Wednesday, January 20, 2016

One More Thing.......

     I spent $50 on Connecticut Lottery scratch off tickets. One set of tickets said 20 CHANCES TO WIN!  The other set bolding boasted I had 30 CHANCES TO WIN!  Among those "lucky chances" would be an opportunity to win $5,000 a month FOR LIFE. (EAT YOUR HEART OUT PUBLISHERS CLEARING HOUSE....MORE ON THAT SCAM COMING UP).
     So I had 50 chances to win mucho dollars. You know what? I lost $50. That makes me wonder why the CT Lottery doesn't print 30 CHANCES TO LOSE! Especially on those cards they know are losers. They could at least let me scratch off $5 on a $5 card. Then I would feel better because I did win my money back! And I would invest it in another card. THEY DON'T DO THAT BECAUSE THEY TOO SUFFER FROM CORPORATE GREED!!!   ALL OR NOTHING AT ALL.
     Well, folks, I do enjoy the scratching off procedure. The CT Lottery teases customers with their form of 3-card-monte. Many years ago I saw they three African-American guys flipping those cards before about 10 onlookers throwing their money down on the blanket and throwing it away.
     Every third person would win $20 for their $20 that was bet. Then they would continue to lose until they lost a few hundred. I waited for the third person who would win and jumped in with my $20 bill. I won that amount and walked away. One of the team followed me closely whispering, "hey man, you're a winner. Don't quit now. I can smell you going home with big bucks in your pocket."

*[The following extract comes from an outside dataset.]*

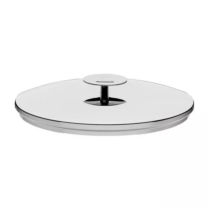 Couvercle en inox brillant Bouton inox brossé siglé Cristel.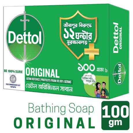 Dettol Soap Original 100gm Germ Defence Bathing Bar, Soap with protection from 99.99% illness-causing germs

     This charade was on busy Fifth Avenue in New York City. I was at the street ready to cross to my office. I didn't respond to the confederate. He continued to whisper nice things in my ear (they have to be careful because the cops would take their money and haul them off to jail). Then he took a chance and held my arm in the middle of the crossing street.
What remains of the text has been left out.